# Leaking Shower Arm



## mjc1234 (Jul 12, 2008)

Hi all - installing a new hand held shower head.  I'm getting a leak where the shower arm extension screws into the water line that is inside the wall.  I've done the following:

1) Used thread lock
2) Used thread lock with thread tape
3) Used a different thread lock

I've tightened it as far as possible (in fact I think I may have overtightened it) and it still leaks.  Not sure what else to do at this point.  I do have access from behind since I haven't hung drywall on the backside of the wall yet. 

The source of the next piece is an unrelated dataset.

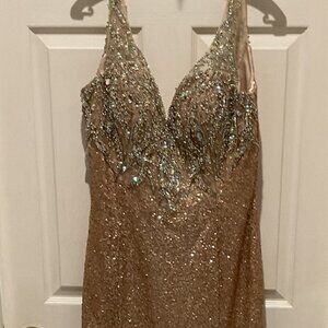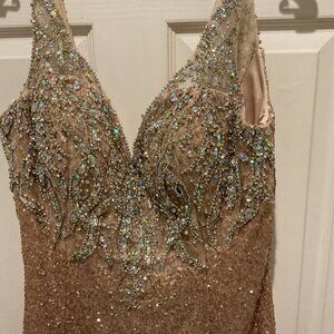 Gown is sequined and adorned with beads and rhinestones - front and back - with a 27" side split -fully lined

Any ideas would be appreciated at this point.

Thanks, 

Mike


----------



## glennjanie (Jul 12, 2008)

Hello MJC:
If you are screwing the shower arm into a female fitting that is plastic (CPVC), you may have split the fitting.
In my world, the joint compound is only a lubricant to help you screw the male into the female far enough to get a water/air tight seal. In spite of what the can says, it can't prevent leaks on its own. The threds in the female fitting should close in as you go deeper into it; likewise, the threads on the male pipe should go from a smaller diameter to larger as it is screwed into the female. This causes the pipes to 'wedge' together for a tight fit; the joint compound and tapes are only to lubricate the mating surfaces so you can get the wedge tight enough.
I would try a new Ell and use teflon tape.
Glenn


----------



## majakdragon (Jul 13, 2008)

I totally agree with Glennjanie. Pipe threads are tapered. Place a pipe nipple on a flat surface and you can see it. Pipe dope compounds are a lubricant, not a leak stopper. Plastic female fittings are prone to cracking. Many areas do not allow them in confined areas such as inside walls. If you still have access, look and see where the water is leaking from. Bet it is the elbow and not the actual threads.


----------



## frodo (Aug 5, 2008)

there is a term i use in the plumbing trade it is ''gorilla tight''
 a lot of people think that a plumbing pipe has to be ''gorilla tight''
 it does not.  your are screwing a niple in to a fitting that will have no pressure on it. the water will just pass thru it. also you will have to unscrew it one day. to put on another head.    it sounds like you cracked the fitting inside the wall.cut the wall out ,behind the shower. it will be easier to patch that way


----------